The cylindrical substrate was positioned vertically between two W filaments, parallel
to the axis of the sample. The flow of the feed gas was along the axis of the set-up. During
the deposition process, the substrates were rotated at approximately 4 rpm by magnetic
coupling to an electric motor outside the reactor chamber.
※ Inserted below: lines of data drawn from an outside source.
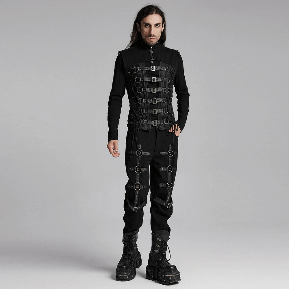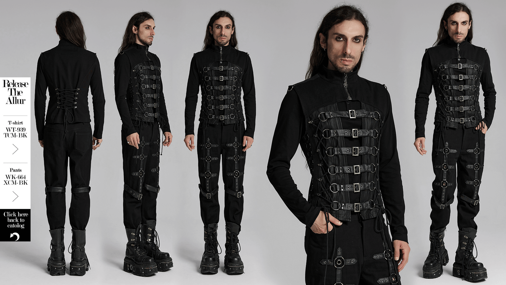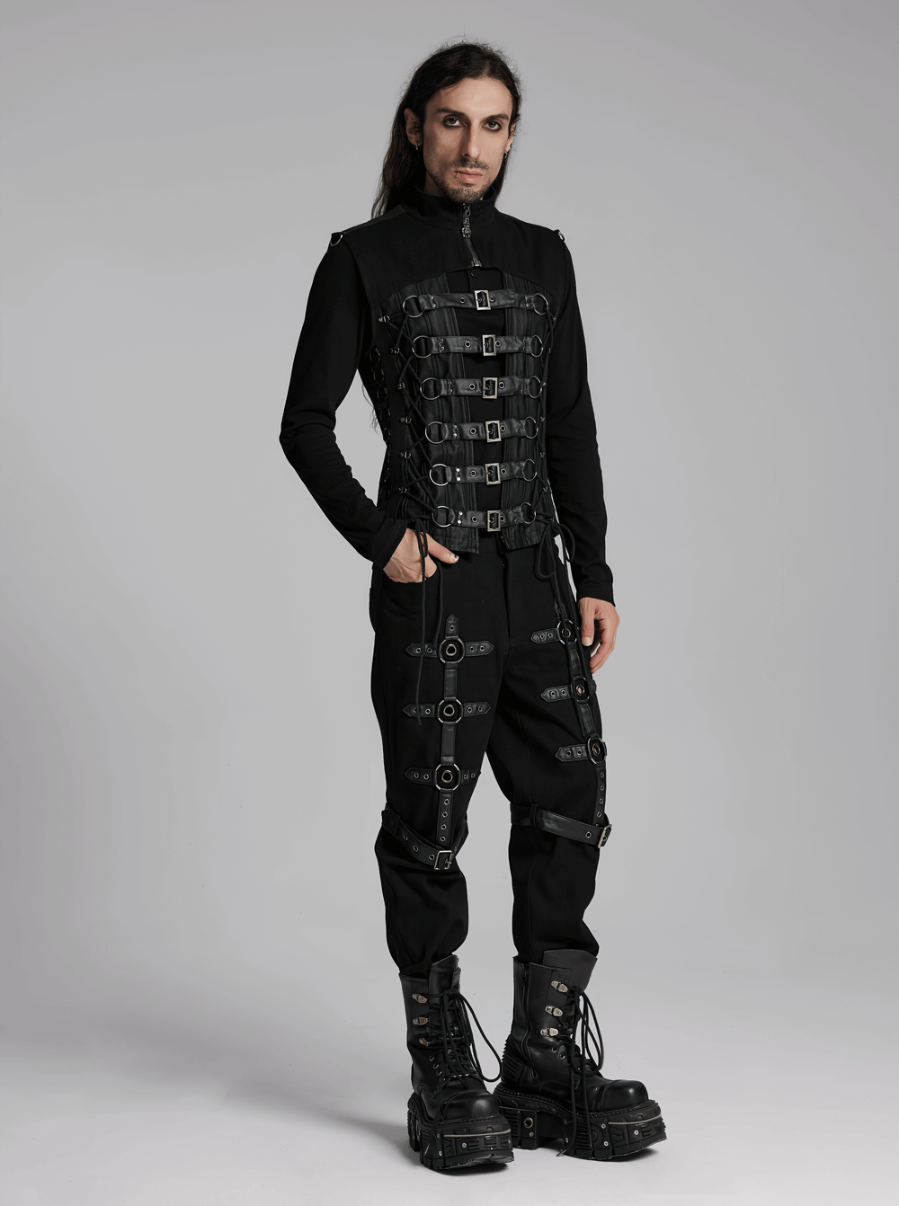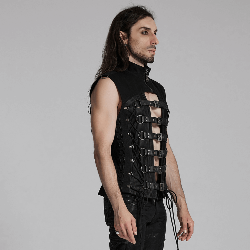 Bold Punk Power Vest with Straps and Metallic Accents.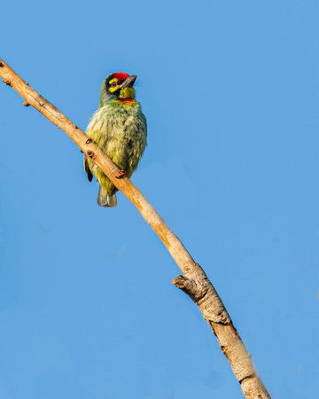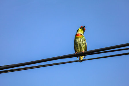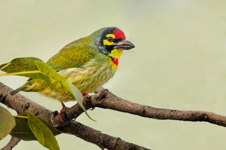 a male coppersmith barbet or crimson breasted barbet (psilopogon haemacephalus) is perching on a branch at chintamoni kar bird sanctuary in kolkata, west bengal in india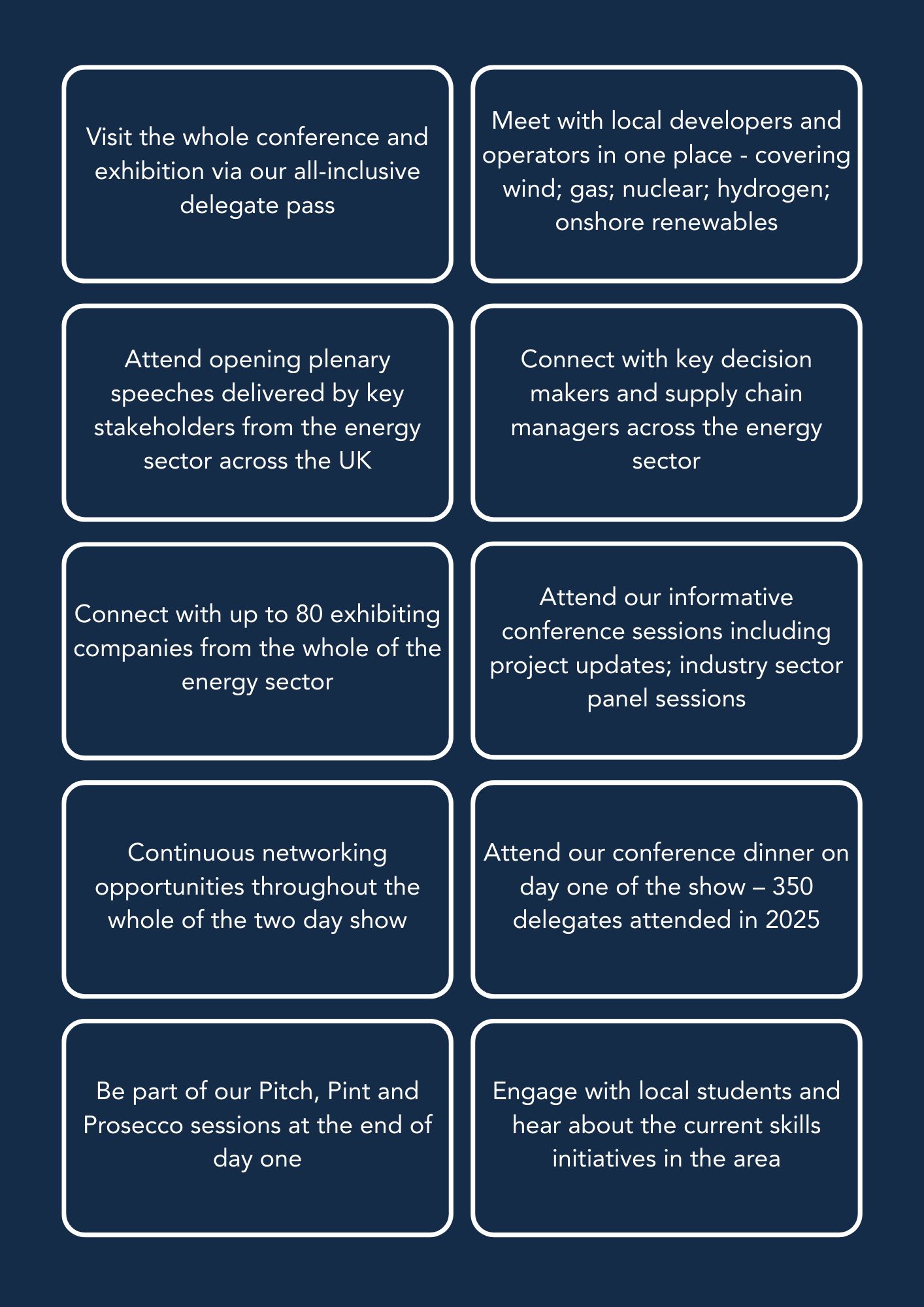 The event provides a unique opportunity to listen to key industry speakers, hear updates on the projects in the region, establish new partnerships, meet new contacts through one-to-one meetings with the supply chain, and provides enhanced networking opportunities via the show floor, within the conference arena or by attending our workshops.

Diamond films were grown from a mixture of ethyl alcohol (C2 H5 OH) vapor diluted
in hydrogen (99.5% vol.) at a total flow rate of 115 standard cubic centimeters per minute
(sccm), regulated by precision mass flow meters, and at a pressure of approximately 20
Torr. The boron doping source was obtained by adding a B2 O3 /water solution to the ethyl
alcohol feed reservoir before starting-up the reactor. The boron–carbon (B/C) concentration
ratio in the feed was 5000 ppm.
The filaments of 272 µm in diameter and 120 mm length were heated by a power
supply with power in the range (400–600) W. In all the experiments, the temperature was
gradually raised to the desired value, maintained constant during the film growth and, at
the end of the experiment, the electric power was suddenly turned off, so favouring the
delamination of the film from the substrate. All the presented results were obtained utilizing
self-sustained diamond samples.
Results and Discussion
Figure 1(A) presents a SEM image of a self-sustained diamond film that was grown on
stainless steel (AISI316) substrate. Average growth rate of 0.5 µm h−1 was achieved,
after long initial nucleation. As one can see in Fig. 1(A), the size of the nanograins is
roughly around 10 nm. Fig. 1(B) shows the Raman spectrum, which is typically of CVD
produced nanodiamond, presenting broad peaks at 1140, 1350, 1480 and 1550 cm−1 that
are signatures of the CVD diamond nanocrystalline structures [5–8].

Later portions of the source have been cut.